Mylan NV announced the launch of memantine hydrochloride tablets USP, 5 mg and 10 mg, the generic version of Forest's Namenda Tablets, in the United States on Tuesday.
Mylan received final approval from the U.S. Food and Drug Administration for its Abbreviated New Drug Application (ANDA) for memantine hydrochloride tablets, used for treating moderate to severe Alzheimer's-type dementia.
Memantine hydrochloride tablets USP, 5 mg and 10 mg, had U.S. sales of approximately $1.4 billion for the 12 months ending March 31, according to IMS Health Inc.
Because Mylan was one of the first applicants to submit a complete ANDA with a paragraph IV certification, it has been granted 180 days of shared generic drug marketing exclusivity.

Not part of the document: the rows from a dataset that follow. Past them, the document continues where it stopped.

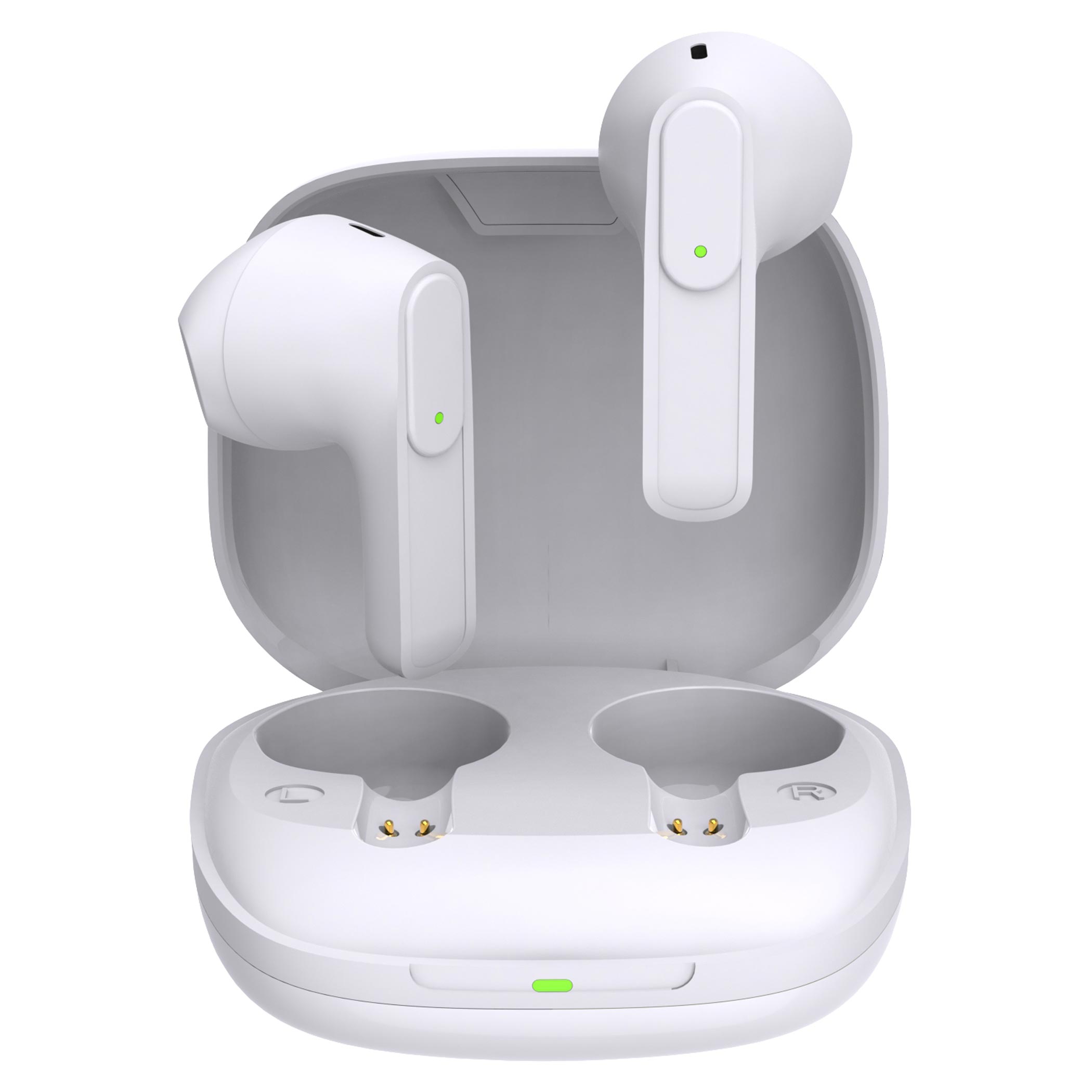Compact charging case with 230 mAh battery capacity can charge the earphones up to 3 times to 100%. The universal input port for the charging case is equipped with a USB C connector.
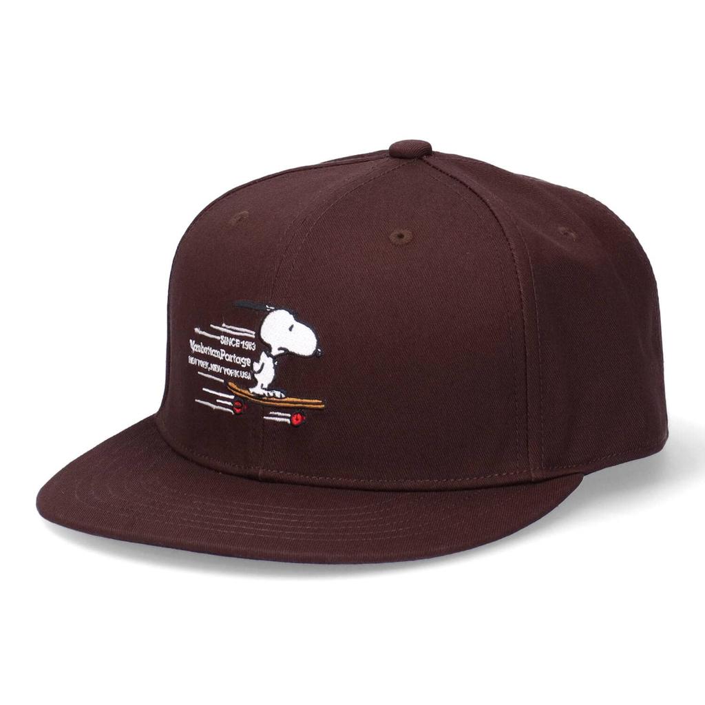 X PEANUTS Collaboration Flat Visor Baseball Cap Snoopy Hat [Manhattan Portage] (061 Brown) — buy online with free worldwide shipping!
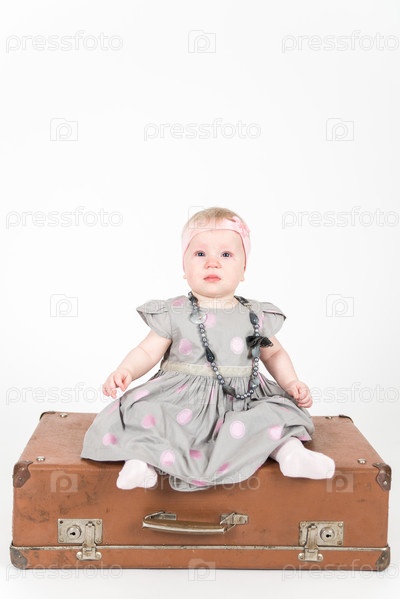 Маленькая девочка с чемоданом на белом фоне

Currently, Mylan has 270 ANDAs pending FDA approval representing $107.2 billion in annual brand sales, according to IMS Health. Forty-seven of these pending ANDAs are potential first-to-file opportunities, representing $33.3 billion in annual brand sales for the 12 months ending Dec. 31, 2014, according to IMS Health.
Mylan, a global pharmaceutical company, offers a growing portfolio of approximately 1,400 generic pharmaceuticals and several brand medications. Mylan also offers a wide range of antiretroviral therapies, upon which nearly 50 percent of HIV/AIDS patients in developing countries depend. Mylan also is a generics and specialty pharmaceutical company providing products to customers in approximately 150 countries and territories.